107 lines (88 loc) · 5.72 KB

AGENTS.md

Project's Scope

InterLink is a framework for executing Kubernetes pods on remote resources capable of managing container execution lifecycles. It consists of two main components:

  • Virtual Kubelet (Virtual Node): translates Kubernetes pod execution requests into remote calls to the InterLink API server
  • InterLink API Server: a modular, pluggable REST server with provider-specific plugins for different execution environments

This repository implements an InterLink plugin for Kubernetes, which allows offloading pods from a local Kubernetes cluster to a remote Kubernetes cluster.

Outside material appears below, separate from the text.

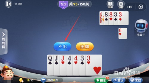 接着对方会出红桃6,此时我们选择【不出】。
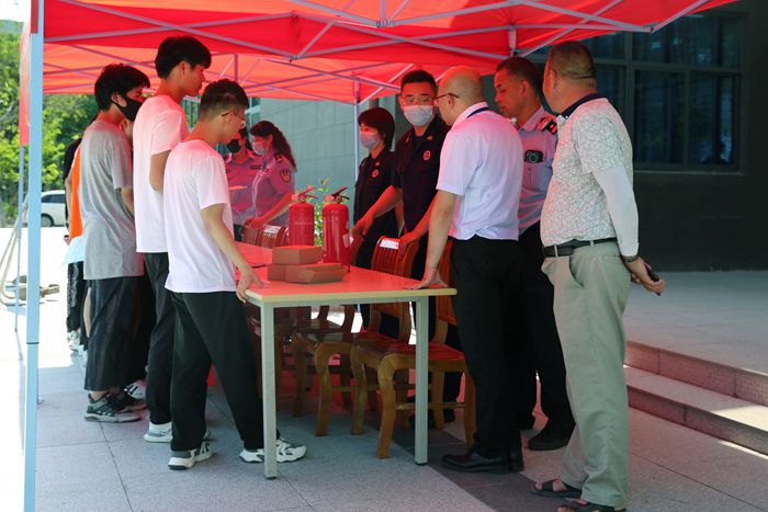 学院党委书记石象斌,党委副书记、院长王国武,副院长马莉莉到现场观摩活动,慰问了前来参与举办活动的消防及公安人员。龙子湖区消防应急救援大队、禁毒大队、龙湖派出所受邀走进校园就分管领域及职能展开介绍并指导相关演练。

The plugin's core responsibilities include :

  • FastAPI service that receives InterLink API requests
  • Kubernetes offloading logic (pods, volumes, logs, cleanup)
  • Optional TCP tunnel provisioning through Helm charts (deprecated)

Repository map

  • src/main.py: ASGI import point (app)
  • src/app/microservice.py: FastAPI app setup, middleware, exception handlers, router loading
  • src/app/controllers/v1/kubernetes_plugin_controller.py: HTTP endpoints
  • src/app/services/kubernetes_plugin_service.py: core offloading logic
  • src/app/dependencies.py: DI wiring and Kubernetes/Helm client provisioning
  • src/app/common/config.py: config options
  • src/app/entities/mappers.py: InterLink <-> Kubernetes model mapping
  • src/private/config.sample.ini: baseline runtime configuration
  • src/infr/charts/tcp-tunnel/*: gateway/bastion Helm charts (deprecated)
  • test/infr/manifests/*: manual test manifests

Core implementation foundations

These are the code-level foundations that shape how this plugin works today.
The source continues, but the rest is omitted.